Unfortunately, it’s also a machine that’s accumulated infrastructure that I care about: DNS, Apache, and so on. The data is safely backed up off-machine, but if I just tear it down, a bunch of things will be broken while I’m rebuilding it. So instead, I’ve been trying to decommission it piece-by-piece.

I’ve also got a bit bored running all my own infrastructure, so some of those moving parts have been put onto dedicated consumer hardware (getting the router to handle internal DNS and DHCP, getting a Synology NAS for Samba, etc), and I’ve moved some others onto a hosted VM, so that I don’t have to worry about the hardware: that copy of Apache has been (mostly) obsoleted by moving this site to Google Compute Engine last January, for example.

But there’s still a few things that I’m depending upon this machine for. Until recently, one was as the primary DNS server for farside.org.uk.

I was using a free secondary DNS service from BuddyNS: they provide replicas that I listed as the primaries, and those did regular zone transfers from my server for the source of truth.

That was pretty convenient, and BuddyNS have been pretty great (the free tier is good for up to 300K queries per month, of which I was using about 70-100K), but they only provide secondary DNS, so I went looking for another solution.

I’m sure that there are many other DNS providers around, but since I’m hosting www.farside.org.uk on Google Compute Engine, I decided to try out Google Cloud DNS, which provides a simple primary DNS service, available via anycast over both IPv4 and IPv6 (that arrangement seems to be fairly standard for DNS providers nowadays).

This one’s not free, but it is pretty cheap: US$0.20/month per domain, plus US$0.40/month per million queries. For me, that should work out to less than $3/year1.

Otherwise, it seems to be broadly similar to other DNS providers. You can make updates via a JSON/REST API, and API client libraries and a basic command-line client are provided. They do only support a predefined set of resource record types, though I suspect that’s not a problem for most people2.

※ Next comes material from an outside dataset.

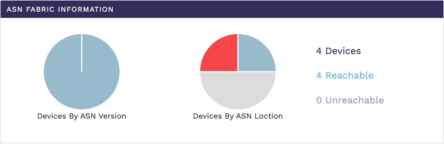 This pie chart shows you the device information based on the ASN Version and the ASN Location. You can hover the mouse pointer over the charts to display a tooltip with more relevant information.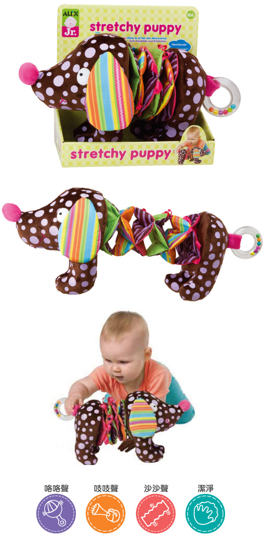 小狗的身體可以拉長,利用拉扯和扭動技巧,訓練孩子的手部肌肉運動及手眼協調。

I actually switched a few weeks ago, but until very recently the programmatic REST API was the only way to make changes, so this wasn’t really a product I’d want to recommend: technically, it worked, but editing a JSON document by hand to send via the command-line client was… suboptimal.

Fortunately, there’s now an editor embedded in the Google Developers Console, so you can also make changes interactively.

The Google Cloud DNS editor lists
individual resource records, along with facilities for in-place editing,
creation and deletion.
The new Cloud DNS editor in the Google Developer Console

Overall, I’m happy enough with the switch: it seems to work well, and didn’t take much effort (once I’d remembered to quote my TXT strings properly, ahem).

I did make one or two changes to the domain at the same time, most notably removing the A record for farside.org.uk itself (which had originally been present for direct mail delivery, years ago). This does mean that http://farside.org.uk/ will no longer resolve3, but that hopefully shouldn’t cause any real problems.


  1. Full disclosure: I’m currently getting an employee discount, so I’ll be paying less than that. 

  2. I did have to drop an RP RR as a result of this, though I wasn’t actually using it for anything. 

  3. Previously, this would end up at the aforementioned machine and be redirected by that copy of Apache to www.farside.org.uk, which runs elsewhere.